[Opening Data section]
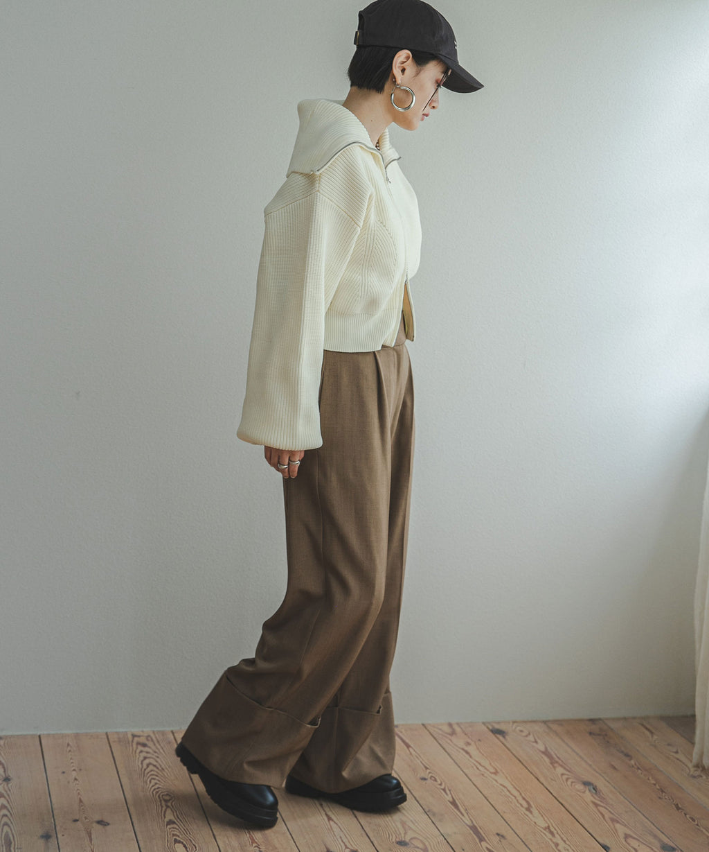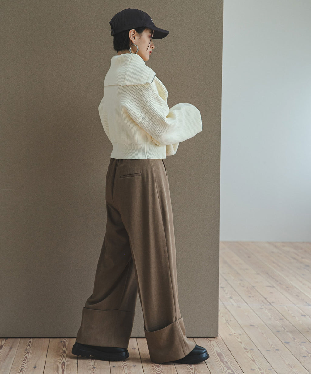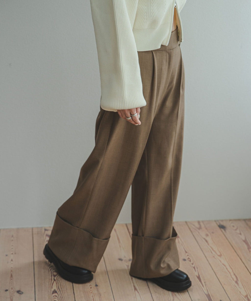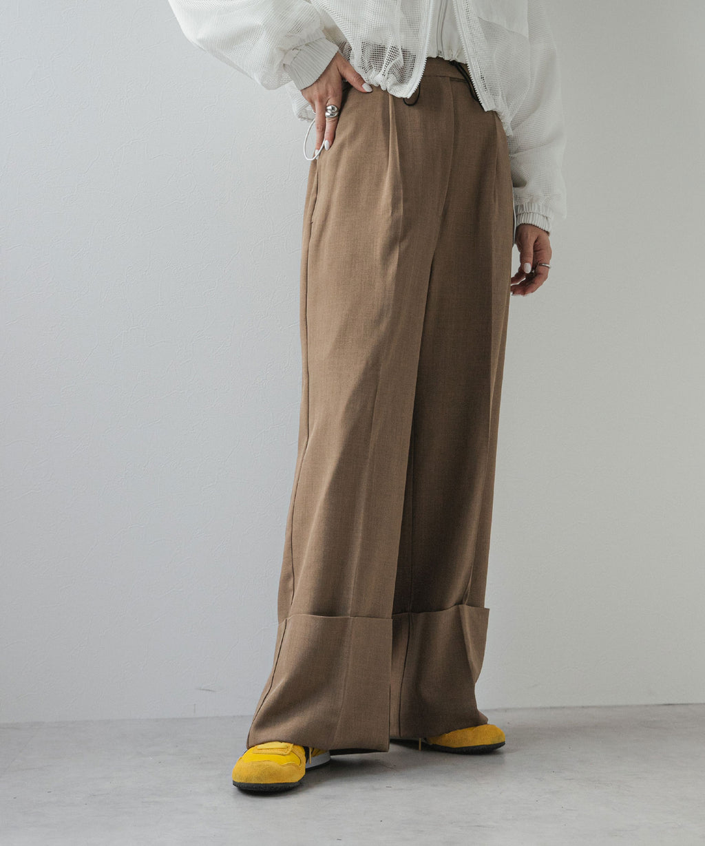 細すぎず太すぎないシルエットと幅広のロールアップが特徴の美脚パンツ。
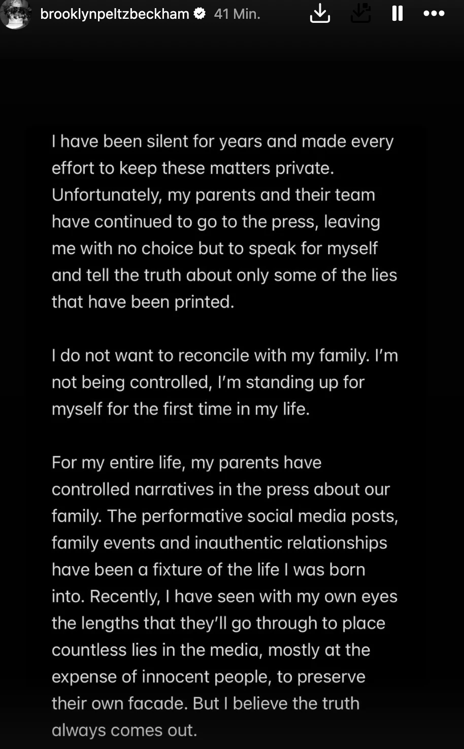 Brooklyn, ebeveynlerinin hayatındaki her şeyi kontrol ettiğini ve sosyal medyada sahnelenmiş paylaşımlar yaptığını iddia ediyor. “Tüm hayatım boyunca, ailemizin basında nasıl gösterileceğini ebeveynlerim kontrol etti. Sahnelenmiş sosyal medya paylaşımları, aile toplantıları ve sahte ilişkiler hayatımın sürekli bir parçası oldu” dedi.
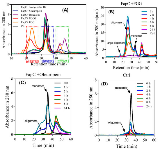 SEC- and SDS-PAGE-based analysis of FapC oligomers formed in the presence of polyphenols. (A) After 1 h incubation, samples were separated by SEC and the indicated oligomer fractions pooled and run on SDS-PAGE; (B–D) time course of oligomer formation: SEC profiles over time of FapC incubated with (B) PGG, (C) oleuropein, and (D) without inhibitor.
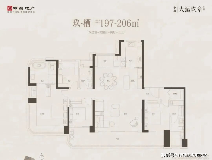 197-206m²的4房2厅3卫2阳台,设计的是竖厅格局,客厅6.1米开间,LDKB大方厅设计,2梯2户,尊享专梯专户,私享入户公区,进门配置储物间,五开间朝南,主卧270°无柱转角飘窗,双套房设计,中西双厨房,主卫配置浴缸,得房率约94.6%(包含赠送),不含电梯入户,南北双阳台,小阳台看大运公园山景,客厅连接2个次卧出超大观景大阳台,东南朝向,俯瞰整个大运中心。
[Closing Data section]
Task prompt: Please print the lines exactly, from the top of the material through the line with "Brooklyn, ebeveynlerinin hayatındaki", and omit the pictures.

Written answer:
 細すぎず太すぎないシルエットと幅広のロールアップが特徴の美脚パンツ。
 Brooklyn, ebeveynlerinin hayatındaki her şeyi kontrol ettiğini ve sosyal medyada sahnelenmiş paylaşımlar yaptığını iddia ediyor. “Tüm hayatım boyunca, ailemizin basında nasıl gösterileceğini ebeveynlerim kontrol etti. Sahnelenmiş sosyal medya paylaşımları, aile toplantıları ve sahte ilişkiler hayatımın sürekli bir parçası oldu” dedi.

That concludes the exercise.